La confrontation entre Washington et Téhéran s’intensifie dangereusement. L’Iran a rejeté lundi 6 avril au soir toute proposition de cessez-le-feu temporaire, réclamant une fin définitive du conflit. Tandis que le président américain Donald Trump a menacé d’« anéantir » le pays en cas d’échec des négociations avant l’ultimatum fixé à mardi soir.
Selon l’agence officielle iranienne (IRAN), Téhéran a répondu à une initiative américaine transmise par le Pakistan en tant que médiateur, en rejetant toute trêve provisoire au profit d’un règlement global et durable. La proposition iranienne s’articule autour de dix conditions, incluant la fin des hostilités régionales, la levée des sanctions, un passage sécurisé dans le détroit d’Ormuz et un programme de reconstruction.
Face à cette fin de non-recevoir, Donald Trump a durci le ton. Il a réaffirmé que son ultimatum (exigeant la réouverture du détroit d’Ormuz, artère stratégique de l’approvisionnement énergétique mondial) restait « définitif ». À défaut d’accord, il a menacé de lancer des frappes massives contre les infrastructures iraniennes.
Lors d’une conférence de presse tenue lundi 6 avril vers 19 heures (heure de Tunis), Trump a déclaré que l’Iran pourrait être « neutralisé en une nuit », évoquant explicitement la destruction de ponts et de centrales électriques. « Tous les ponts seront détruits » et « toutes les centrales seront hors service », a-t-il affirmé…
Escalade verbale et mobilisation en Iran
À Téhéran, la réaction ne s’est pas fait attendre. Le haut commandement militaire iranien a qualifié ces propos de « délirants » et dénoncé une « rhétorique arrogante », rapporte la télévision d’État par son porte-parole.
Dans un geste symbolique, le vice-ministre des Sports, Alireza Rahimi, a appelé la population à former des chaînes humaines autour des infrastructures énergétiques, afin de dénoncer toute attaque visant des installations civiles.
Des experts indépendants abondent dans ce sens, rappelant que cibler des infrastructures civiles comme des centrales électriques ou des ponts pourrait constituer une violation grave du droit international humanitaire.

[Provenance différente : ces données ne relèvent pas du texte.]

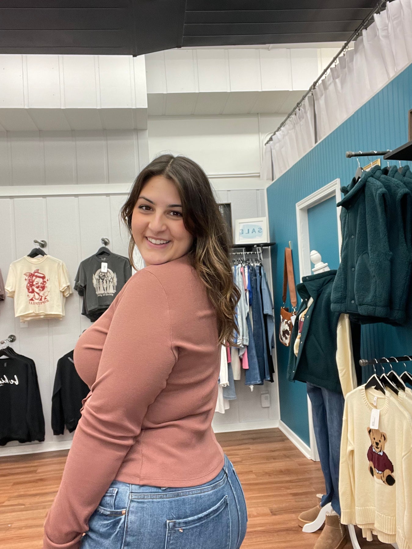 Step out in daring style with this ribbed long sleeve top, featuring bold floral details on the buttons. Its textured fit highlights your shape while the unexpected floral accents add a fierce, feminine edge to your look. Perfect for making a confident statement wherever you go.
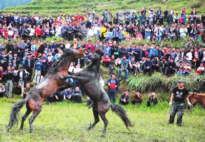 同日, 融水还在县城的民族体育公园斗马场举行了首场以市场运作、常年向游客展示苗族风俗的斗马活动。来自香粉、安太、四荣等乡镇的54匹雄马,通过咬、踢、撕、追等“绝招”进行激烈搏斗,吸引众多游客前来观看。 据悉,此后民族体育公园斗马场将定期于每个星期六中午12点开始举办斗马活动,游客可购票入场观看。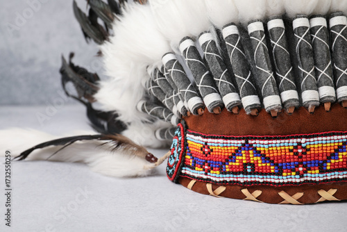 Traditional warbonnet (Native American chief headdress) on light grey table, closeup

Enjeu énergétique et pression maximale
Au cœur de l’impasse diplomatique se trouve le détroit d’Ormuz, point de passage stratégique pour une part essentielle du pétrole mondial. Sa fermeture partielle continue d’alimenter les tensions sur les marchés énergétiques et renforce la pression internationale pour un règlement rapide.
Malgré l’escalade, Donald Trump maintient une ligne mêlant menace et contrainte, affirmant que la population iranienne serait prête à supporter ces actions « pour obtenir la liberté ». À mesure que l’échéance approche, la perspective de mise en exécution des menaces fait planer le risque d’un embrasement régional aux conséquences économiques et humaines majeures.